– В такую-то непогодь! Неделю – неделю дождик обложной, снег вторые сутки, как заняться могло, если мокрое? – не ощущая холода, металась босая и растелешенная Хомутиха, похожая на расплывшуюся квашню. – Спасайте добро, люди мои, ить летит по ветру, переметнется на крышу! Не стойте, ради Бога, как истуканы, детьми прошу.

– Подь в избу, чем ты-то поможешь, когда мужикам непосильно. Босая, свалишься завтра, ни стог, ни коровенка станут не нужными, – сердобольно шумели на пожилую женщину.

Бесился привольно огненный молох, насмехался над людской немощью. Хомутиху колотило, она безутешно плакала.

Старый Хомутов пришкандыбал. Обошел пожарище на расстоянии, сплюнул досадливо:

– Переночевали! Какой был запас. Опять, видно, придется на ферме промышлять. – Пристукнув батожком, заорал в бешенстве на жену: – Не вой, избу не достанет. Иди лучше обуйся, сляжешь, на чем в больницу везти.

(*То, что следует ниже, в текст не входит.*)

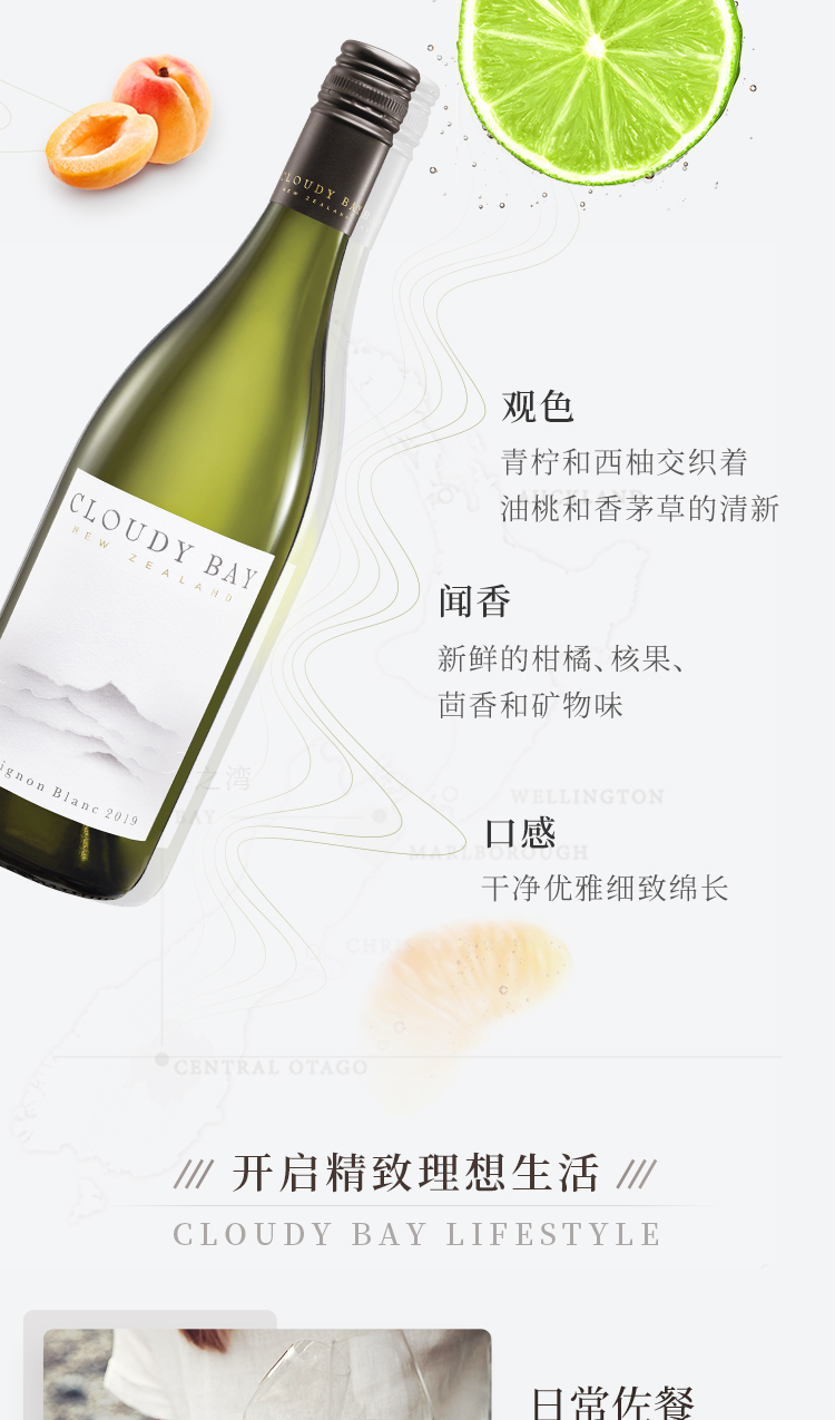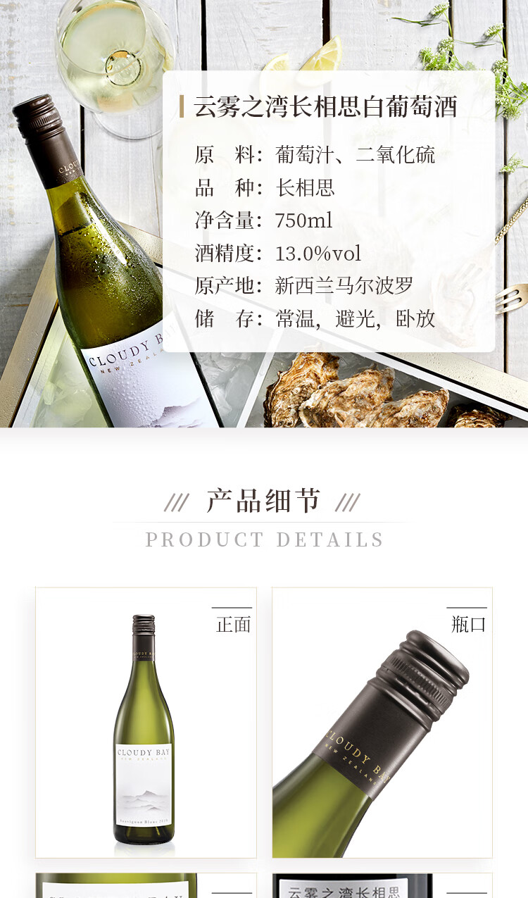 口感:清新;特性:其它;国产/进口:进口;适用场景:家庭聚会,礼节拜访,商务宴请,婚礼婚宴,情侣约会,自斟自饮,闺蜜私语,派对活动,收藏;包装:瓶装;类别:白葡萄酒;葡萄品种:长相思(Sauvignon Blanc);类型:其它;产地:新西兰;容量:750mL;甜度:干型;保质期:无;酒精度:13%vol;原产地:新西兰;存储方法:常温,避光,卧放;容量:750;产品重量:1.3kg;包装清单:云雾之湾 Cloudy Bay 长相思 干白葡萄酒 750ml 新西兰进口*1;

Набежал расхристанный спросонку, лохматый Савелий Игнатьевич, вырвав из прясла жердь, с разгону полез в огонь.

– Эй, осмалисся, молодожен волосатый! – озоровали бабоньки, уже перестав переживать за погибшее сено и босую Хомутиху; в России где смех, там надежда и великая сила устойчивости. – Куда понесло, проказа черная!

– А страшен-то, батюшки! Прям, диво пучеглазое.

– Кому как, а ей, может, ниче, в самый раз на вдовьей перине… Варьке-то! Ей в самый раз и под завязку, – хохотнула игриво Камышиха.

– Ты погляди на это «ниче» как следует, пройда! Чистый цыган, зубы только блестят.

– Ой, ой, поменьше завидуй и своево заведи, на чужих не косись! – озоровала Камышиха.

– Дак зубы и есть!

– А че ище че у него должно взблескивать, кроме лошадиных зубов!

– Да уж должно че-нибудь.

– Как у мерина, че ли?

– Э-э, разошлись! Елька, Катюха, дети кругом.

– Ой, батюшки, бородища никак трещит! – охнула Камышиха. – Сгоришь, чучело окаянное, для Варьки хоть поберегись. Отступай скорее!.. Савка! Савка!.. Савка, дьявол поперечный, ково тут спасать!

Савелий Игнатьевич, обмахнув ладонью искрящуюся бороду, сусмешничал:

– Куда мне с нею теперь, ково соблазнять! Гори, язва, скорей, – шпынал стог азартно жердиной, – а то на работу седне не собраться.

Еще дальше отпрянула толпа. Незамеченные никем школьники Ленька с Катькой Дружкиной отшатнулись. Зарод оседал, сыпались сверху серая труха, горячий пепел.

– Страшно как, Лень… Да когда Меланья по-разному кликушествует… А ты не боишься?

– Не говори, что я приходил. Пусть не знают.

– Куда, ну куда ты, Лень!

– На кудыкину гору.

Катька долго бежала рядом:

– Глупо же, Леня! У нее своя жизнь, какая есть, у тебя своя. Вот и все.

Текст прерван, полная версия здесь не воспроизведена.